What is needed is an exact copy of the records, with the images left out.
**** Dataset extract
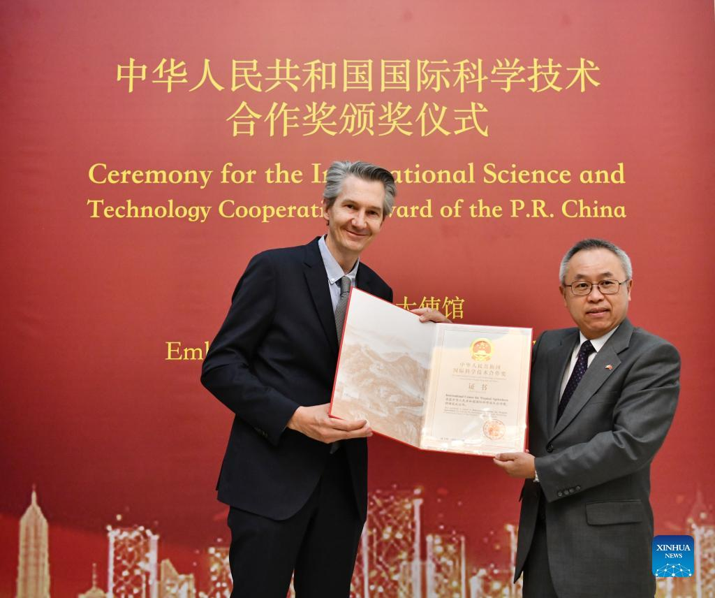 ROME, May 31 (Xinhua) -- The Chinese Embassy in Italy bestowed the 2020 International Science and Technology Cooperation Award to the International Center for Tropical Agriculture (CIAT) here on Tuesday.
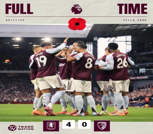 英超第11轮,阿斯顿维拉主场迎战伯恩茅斯。第28分钟,布恩迪亚禁区前沿任意球直接破门。第40分钟,阿马杜·奥纳纳远射扩大比分。第64分钟,罗杰斯手球送点,埃米利亚诺·马丁内斯神勇扑出塞梅尼奥点球。第77分钟,巴克利前点接迪涅右路角球,头球后蹭破门。第82分钟,马伦禁区前沿低射折射入网。维拉4比0大胜,18分暂列第7。樱桃军团遭遇自5月以来首次联赛连败,5月先输维拉后负曼城,11月先输蓝月再负维拉。
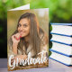 Diplômé est écrit en écriture blanche manuscrite sur votre photo de portrait senior fait une carte d'annonce de remise de diplôme pliée chic et moderne. Personnalisez avec votre nom et votre lycée ou université promotion 2025 sous la typographie grasse et ajoutez vos coordonnées au verso de ces élégantes cartes de diplômé avec superposition de texte.
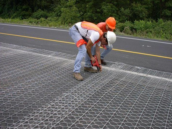 公路路面加筋石笼网是在普通石笼网的基础上,织网的时候多了一道工序,即在特定米数的地方,横向加上一根较粗的丝,专业术语为加筋丝。这种特殊的石笼网经常是以卷网的形式出现,应用在公路,铁路或是山坡的防护工程中。
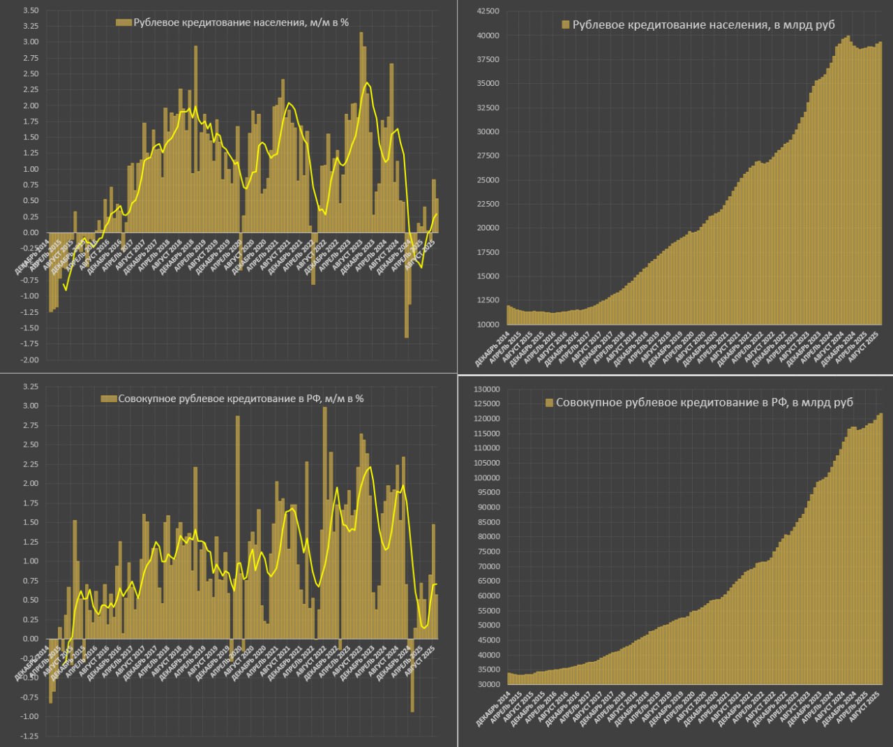В целом, данные показывают умеренную кредитную активность, сформированную целиком и полностью за счет нефинансовых компаний, никакого объявленного ускорения не наблюдается, скорее нормализация низких темпов 1кв25.
********
Expected output ::
 ROME, May 31 (Xinhua) -- The Chinese Embassy in Italy bestowed the 2020 International Science and Technology Cooperation Award to the International Center for Tropical Agriculture (CIAT) here on Tuesday.
 英超第11轮,阿斯顿维拉主场迎战伯恩茅斯。第28分钟,布恩迪亚禁区前沿任意球直接破门。第40分钟,阿马杜·奥纳纳远射扩大比分。第64分钟,罗杰斯手球送点,埃米利亚诺·马丁内斯神勇扑出塞梅尼奥点球。第77分钟,巴克利前点接迪涅右路角球,头球后蹭破门。第82分钟,马伦禁区前沿低射折射入网。维拉4比0大胜,18分暂列第7。樱桃军团遭遇自5月以来首次联赛连败,5月先输维拉后负曼城,11月先输蓝月再负维拉。
 Diplômé est écrit en écriture blanche manuscrite sur votre photo de portrait senior fait une carte d'annonce de remise de diplôme pliée chic et moderne. Personnalisez avec votre nom et votre lycée ou université promotion 2025 sous la typographie grasse et ajoutez vos coordonnées au verso de ces élégantes cartes de diplômé avec superposition de texte.
 公路路面加筋石笼网是在普通石笼网的基础上,织网的时候多了一道工序,即在特定米数的地方,横向加上一根较粗的丝,专业术语为加筋丝。这种特殊的石笼网经常是以卷网的形式出现,应用在公路,铁路或是山坡的防护工程中。
В целом, данные показывают умеренную кредитную активность, сформированную целиком и полностью за счет нефинансовых компаний, никакого объявленного ускорения не наблюдается, скорее нормализация низких темпов 1кв25.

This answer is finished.